As you can see, there are improvements in exit velocity from Bogaerts on both fly-balls and line-drives. Note that while the increase is over 7 MPH on line-drives, the increase on fly-balls — about 3.5 MPH — was much more marginal. At the very least, it seems to hold up Bogaerts’ theory that he would feel stronger due to the sun. Now, with these changes in mind, let’s analyze the changes Bogaerts has made on his launch angle by comparing April and June. First April:

via Baseball Savant

He swung at some batted balls at a launch angle of around 10 or so degrees, which is just fine, except he hit the majority of them around 0 degrees or less.

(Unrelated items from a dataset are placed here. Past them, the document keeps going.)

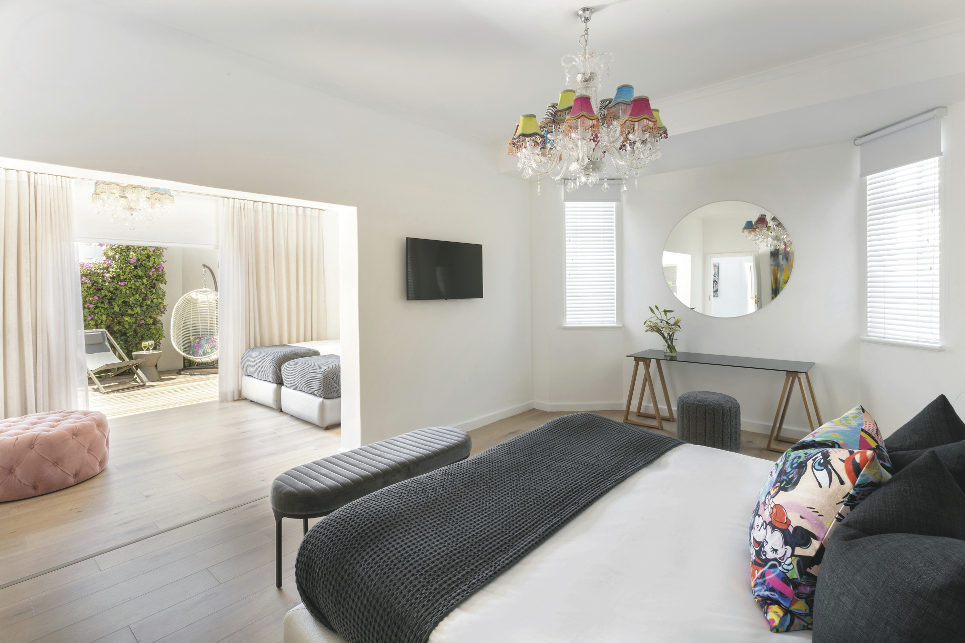 Die 16 geräumigen Zimmer und Suiten sind luxuriös eingerichtet und mit hochwertigen Stoffen dekoriert. Alle verfügen über moderne Badezimmer; TV, Telefon, WLAN, Safe, Minibar, Fön, Tee-/Kaffeezubereiter und Klimaanlage/Heizung, einige haben einen Balkon oder eine Terrasse. Die Premium-Zimmer sind geräumiger als die Superior-Zimmer und haben teilweise Meerblick. Die Familiensuiten bestehen aus je zwei Schlafzimmern, die sich ein Badezimmer teilen.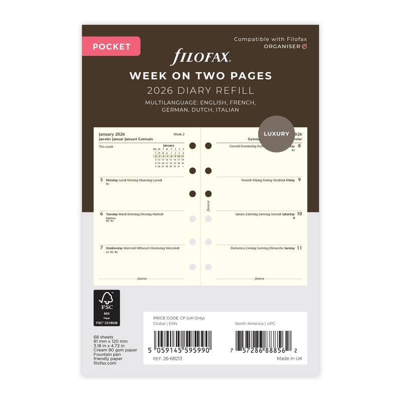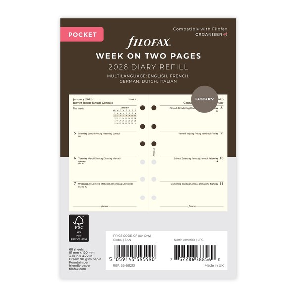 - Filofax Pocket 2026 diary refill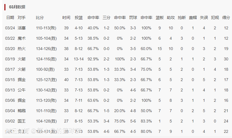 勒布朗-詹姆斯仍是流畅11场比赛脱手不杰出15次,惟有在3月2日对阵国王的比赛中脱手了15次 ,3月19日对阵火箭的比赛中脱手14次,其余的比赛詹姆斯的脱手皆在13次及以下。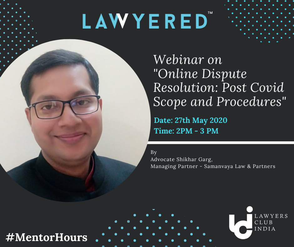 Lawyered presents the next edition of #MentorHours in collaboration with LAWyersClubIndia on 'Online Dispute Resolution: Post COVID Scope and Procedures'.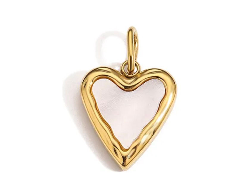 Discover the White Heart Pendant from Solunah, a stunning stainless steel and gold plated heart pendant measuring 16x13mm, perfectly embodying coastal elegance with celestial charm. Designed for timeless beauty, this delicate piece reflects our ocean-inspired aesthetic while offering durability and shine. Ideal for everyday wear or special occasions, it captures the essence of refined simplicity. Elevate your jewelry collection with this elegant symbol of love and grace, crafted to complement your unique style.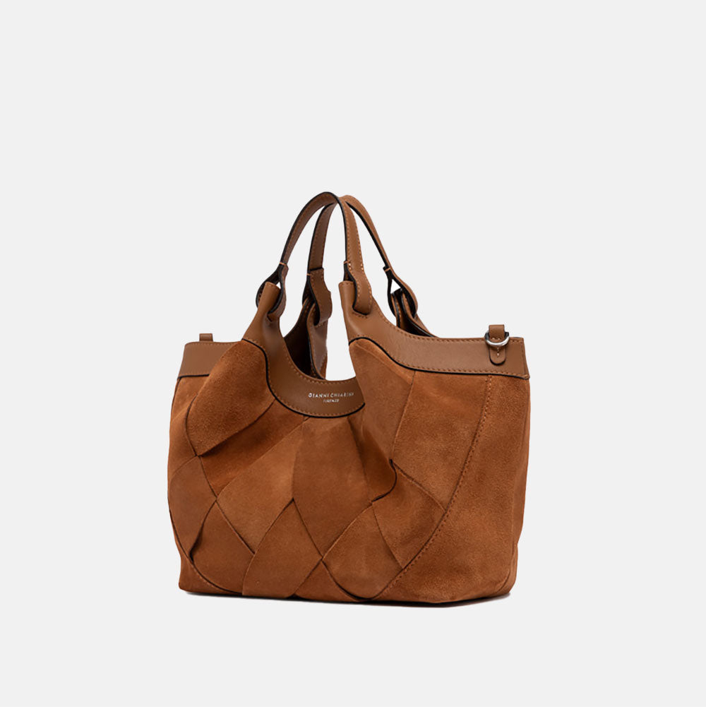 Made in Italy by designer Gianni Chiarini the Dua bag has been updated for 2026 in a stunning chamois geometric weave with tonal leather trim. This stylish bag features a canvas lined internal compartment and comes with two matching leather grab handles and a magnetic clasp closure, as well as a removable & adjustable leather strap so it can be worn as a handbag or across the body.

That led to a lot of ground-balls, which we will discuss later. Here’s Bogaerts’ launch angle in June:

via Baseball Savant

That distribution is much more consistent, and this time it is concentrated in the 10–15 degree range that he hinted at in April. Statcast measured his April and June launch angles at 4.2° and 13.2° respectively. Things are sounding good for Bogaerts so far! He is swinging a lot bigger, just as he said he would in April. But what does this mean for his results? It’s easy for us to use the new data from Statcast and automatically assume that players with higher exit velocities and increased launch angles are going to be more successful power hitters. Let’s take a look at how Bogaerts has distributed his batted balls; from what we know so far, we should see a decrease in ground-balls and an increase in fly-balls:

via FanGraphs

Sure enough, his ground-ball rate has dropped big time. That’s good, but his fly-ball rate has not increased big time. You’ll note that I labelled the statistic “True FB%” rather than “FB%.” This is because pop-ups and other infield fly-balls are included in the original “FB%.” This dilutes the concept that more fly-balls lead to more power, so I removed them from the calculation and counted them separately here. Bogaerts has avoided hitting ground-balls, but in his attempts to hit more fly-balls, he has ended up hitting a lot of weak pop-ups.

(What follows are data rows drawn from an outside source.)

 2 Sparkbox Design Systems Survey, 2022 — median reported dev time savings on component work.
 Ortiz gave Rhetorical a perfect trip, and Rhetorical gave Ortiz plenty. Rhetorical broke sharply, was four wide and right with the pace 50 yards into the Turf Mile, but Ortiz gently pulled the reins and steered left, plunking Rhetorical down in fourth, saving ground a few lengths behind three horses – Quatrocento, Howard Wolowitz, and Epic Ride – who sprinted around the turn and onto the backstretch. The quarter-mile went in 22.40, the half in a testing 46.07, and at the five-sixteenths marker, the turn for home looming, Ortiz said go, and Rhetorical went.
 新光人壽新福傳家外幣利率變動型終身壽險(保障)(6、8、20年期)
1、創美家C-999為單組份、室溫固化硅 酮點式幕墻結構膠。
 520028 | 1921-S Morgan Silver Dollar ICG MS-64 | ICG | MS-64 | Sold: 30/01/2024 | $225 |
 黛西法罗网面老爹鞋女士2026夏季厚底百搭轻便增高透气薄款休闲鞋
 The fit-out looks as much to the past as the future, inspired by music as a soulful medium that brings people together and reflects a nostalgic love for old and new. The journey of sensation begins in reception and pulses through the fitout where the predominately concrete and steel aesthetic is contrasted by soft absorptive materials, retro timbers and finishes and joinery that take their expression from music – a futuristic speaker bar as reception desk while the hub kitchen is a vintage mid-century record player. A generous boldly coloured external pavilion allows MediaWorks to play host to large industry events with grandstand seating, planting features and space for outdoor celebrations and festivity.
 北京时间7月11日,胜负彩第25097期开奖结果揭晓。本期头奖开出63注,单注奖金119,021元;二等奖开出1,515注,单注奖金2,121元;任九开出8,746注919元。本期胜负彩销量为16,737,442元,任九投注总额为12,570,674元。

It’s incredible that the Bogaerts of April and the Bogaerts of June look like two completely different hitters, but which do you feel is the better hitter? If we use Weighted Runs Created Plus (wRC+), a statistic that encapsulates offensive value, it is the Bogaerts of June, but not by as much as one would assume. He recorded a 96 wRC+ in April, but with all of his adjustments, that number has only gone up to 109. A 109 wRC+ is nothing to sneeze at for a shortstop, but it’s also equal to the number he posted in 2015, a year in which he hit only seven home runs.

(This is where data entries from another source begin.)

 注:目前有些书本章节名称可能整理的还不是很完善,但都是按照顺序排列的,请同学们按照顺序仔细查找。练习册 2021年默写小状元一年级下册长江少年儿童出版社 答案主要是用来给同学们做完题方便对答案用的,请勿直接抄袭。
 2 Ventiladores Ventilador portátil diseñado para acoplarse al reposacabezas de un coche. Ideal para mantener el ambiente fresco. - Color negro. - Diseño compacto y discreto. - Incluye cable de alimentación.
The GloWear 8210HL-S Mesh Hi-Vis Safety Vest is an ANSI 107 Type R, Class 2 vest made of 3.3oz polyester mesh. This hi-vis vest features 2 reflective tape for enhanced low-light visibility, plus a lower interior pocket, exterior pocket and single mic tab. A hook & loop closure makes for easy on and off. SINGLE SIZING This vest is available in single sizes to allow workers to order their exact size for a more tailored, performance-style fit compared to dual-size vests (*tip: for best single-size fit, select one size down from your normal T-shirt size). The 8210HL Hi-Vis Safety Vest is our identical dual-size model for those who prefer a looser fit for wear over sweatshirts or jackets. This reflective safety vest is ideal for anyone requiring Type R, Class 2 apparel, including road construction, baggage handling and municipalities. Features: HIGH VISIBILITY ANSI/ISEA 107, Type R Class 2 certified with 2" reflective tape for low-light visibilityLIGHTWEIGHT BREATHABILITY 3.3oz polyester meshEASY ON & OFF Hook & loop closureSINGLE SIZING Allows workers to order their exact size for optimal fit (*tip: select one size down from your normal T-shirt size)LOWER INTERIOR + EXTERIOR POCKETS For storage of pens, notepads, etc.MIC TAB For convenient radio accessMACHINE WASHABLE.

Hitting less grounders is good, but that doesn’t necessarily mean hitting more fly-balls is also good. In fact, based on the exit velocity increases in our first graphic, it’s probably in Bogaerts’ best interest to hit more line-drives. Bogaerts knows this, and he has often been a line-drive hitter; that’s why he has recorded a .342 BABIP in his career. None of this is to determine whether Bogaerts is a valuable hitter or not, because he undoubtedly is. However, we have been able to learn from Bogaerts that there are still many ways to be a valuable hitter, and that it’s most advantageous for hitters to simply play to their strengths — whatever they are.